The relationship between the parties is that of independent contractors. Nothing contained in this Agreement shall be construed as creating any agency, partnership, joint venture or other form of joint enterprise, employment or fiduciary relationship between the parties, and neither party shall have authority to contract for or bind the other party in any manner whatsoever.
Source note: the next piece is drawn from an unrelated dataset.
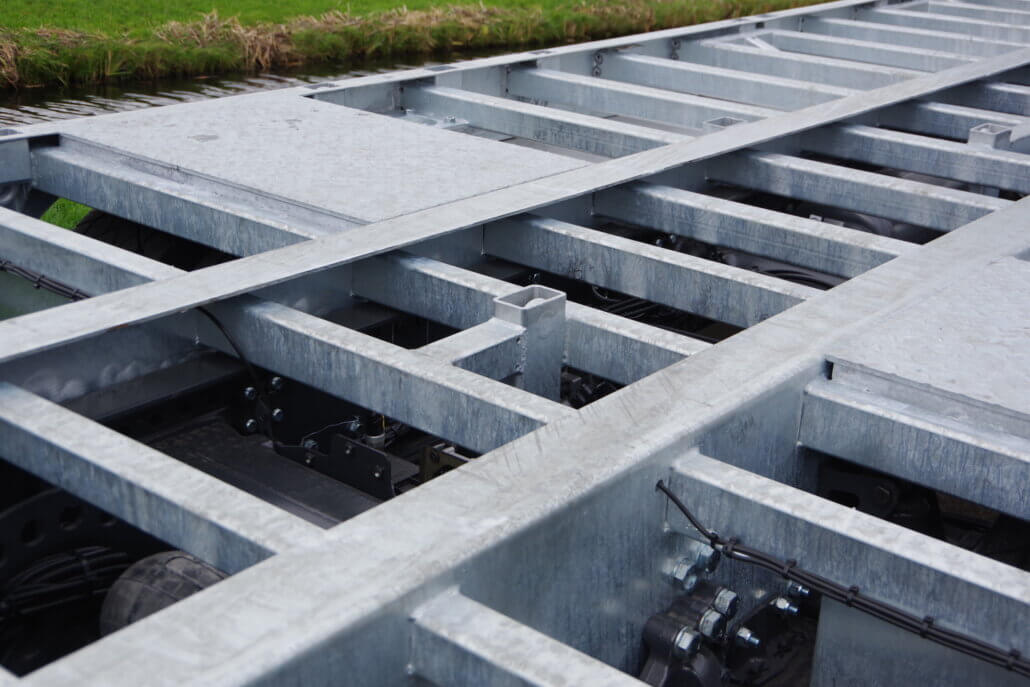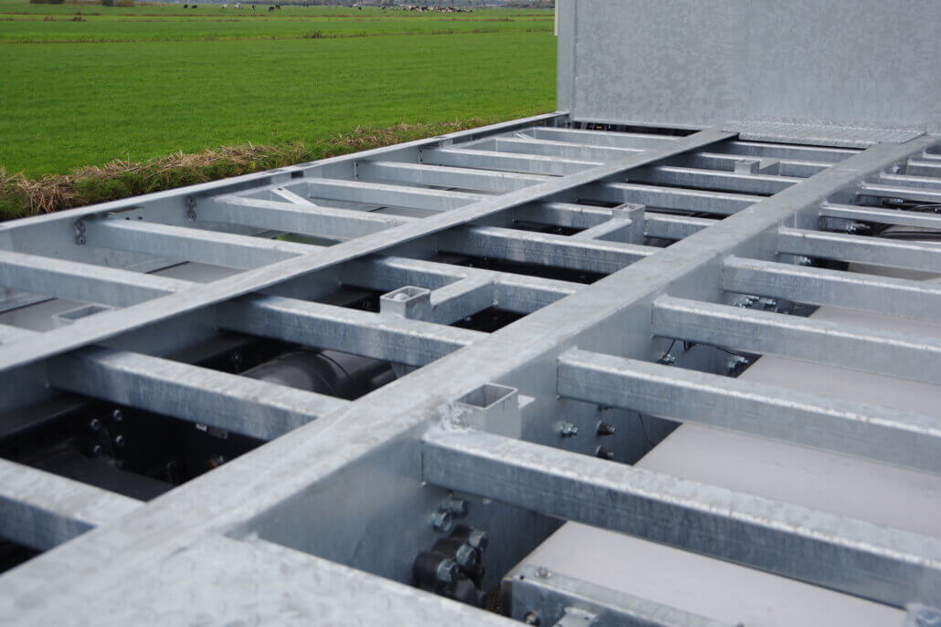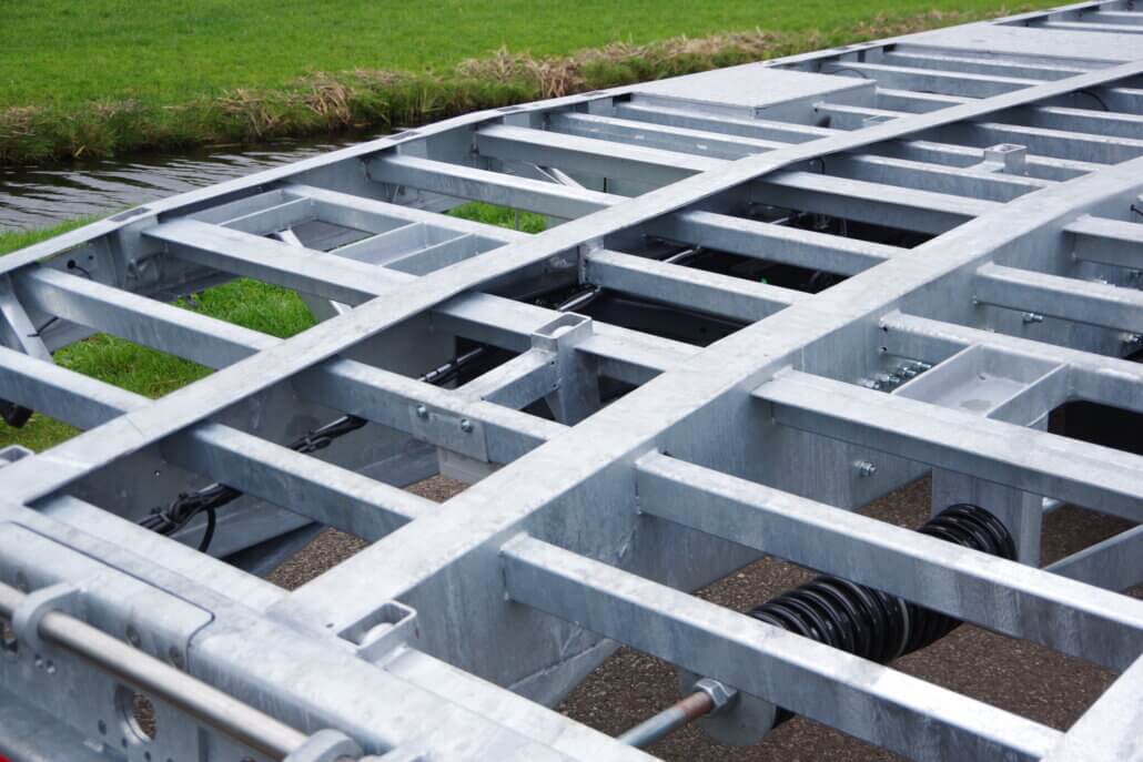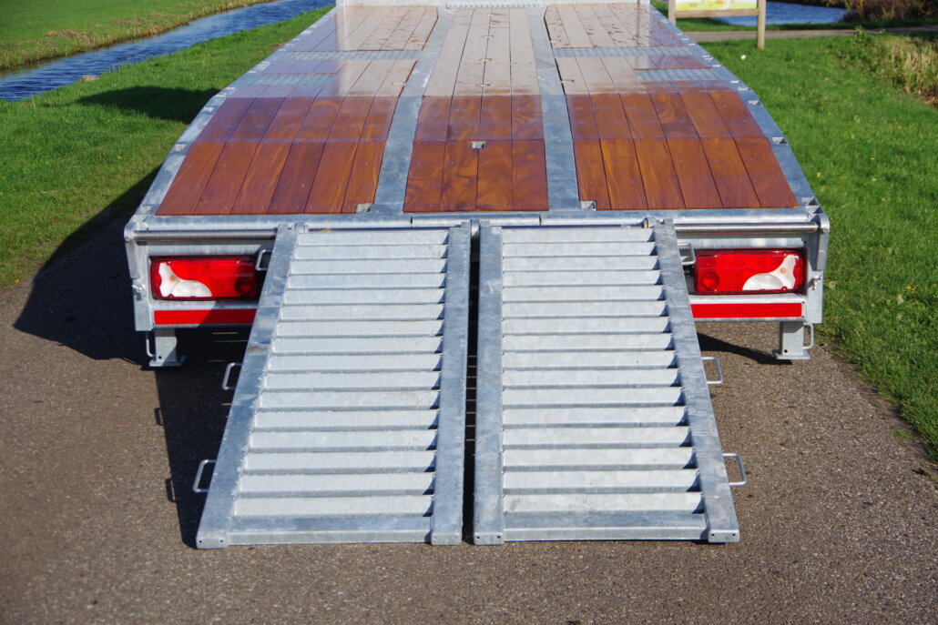 – 2 rijgoten à 2,05 mtr. lang en 70 cm breed op RVS as (max. wiellast 5.000 kg)

16. No Third-Party Beneficiaries.

This Agreement is for the sole benefit of the LCS and Client and their respective successors and permitted assigns and nothing herein, express or implied, is intended to or shall confer upon any other person or entity any legal or equitable right, benefit, or remedy of any nature whatsoever under or by reason of these Terms.

17. Governing Law.

All matters arising out of or relating to this Agreement are governed by and construed in accordance with the internal laws of the State of Missouri without giving effect to any choice or conflict of law provision or rule (whether of the State of Missouri or any other jurisdiction) that would cause the application of the laws of any jurisdiction other than those of the State of Missouri.

18. Notices.

All notices, requests, consents, claims, demands, waivers, and other communications hereunder (each, a “Notice”) shall be in writing and addressed to the parties at the addresses set forth on the face of the Invoice or to such other address that may be designated by the receiving party in writing. All Notices shall be delivered by personal delivery, nationally recognized overnight courier (with all fees pre-paid), facsimile (with confirmation of transmission), or certified or registered mail (in each case, return receipt requested, postage prepaid). Except as otherwise provided in this Agreement, a Notice is effective only (a) upon receipt of the receiving party, and (b) if the party giving the Notice has complied with the requirements of this Section.

19. Severability.

If any term or provision of this Agreement is invalid, illegal, or unenforceable in any jurisdiction, such invalidity, illegality, or unenforceability shall not affect any other term or provision of this Agreement or invalidate or render unenforceable such term or provision in any other jurisdiction.

20. Survival.

Provisions of these Terms which by their nature should apply beyond their terms will remain in force after any termination or expiration of this Agreement including, but not limited to, the following provisions: Confidential Information, Governing Law, and Survival.